One third of birthing parents has a traumatic birth.[i] [ii] [iii]
“The system is broken.”
One in 8 new parents enters parenthood with postpartum PTSD from the experience.[iv]
“The system is broken.”
Depending on where you live, one third, one half, or almost everyone has a surgical birth.[v]
“The system is broken.”
One in 6 women are abused during their births.[vi]
“The system is broken.”
If we say it enough, we might believe it. However, the “system” is decidedly NOT broken. It is doing exactly what it was set up to do by any means available to it.
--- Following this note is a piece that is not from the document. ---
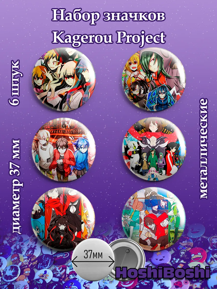 Набор из 6 металлических значков с изображениями из аниме Актеры города Мэкаку ( Kagerou Project ).

The “system” is how we deliver maternity services. It began when male-midwives, those physicians who broke social etiquette, began attending women in birth. They were barbaric in means because they were sanctioned by the Catholic church to carry sharp instruments that women were forbidden to use. Male barber-surgeons, the Chamberlains, invented the forceps but kept their secret hidden for a century. A few centuries of witch hunts where midwives and female healers were persecuted and executed taught the public to shy away from learning these skills – if they were women. The collusion of religion and medicine ensured that men gained and maintained a monopoly over sick care and what women were allowed to do with their own bodies.[vii]
Eventually, through clever marketing, the male midwife became the preferred attendant as they were considered superior in intellect.[viii] [ix] Women were forbidden to attend universities, practice medicine, or serve in leadership in religions that ruled the western politic, thus unable to influence how women were treated in childbirth.[x]
Sure enough, these clever men discovered how much more profitable it was to bring birthing clients to them rather than going out to their homes.[xi] And so emerged the ‘lying-in’ hospital. The wholesale slaughter of women in these death traps was on par with the witch hunts of a few centuries prior. One in ten women died from puerperal fever, brought on by the unwashed hands of physicians who went from cadaver to the birthing vagina.[xii] Despite the protests of the offensive Semmelweis to wash their hands, ego and elitism prevented them from adopting this simple strategy for many more years thus ensuring the needless deaths of countless more women.[xiii]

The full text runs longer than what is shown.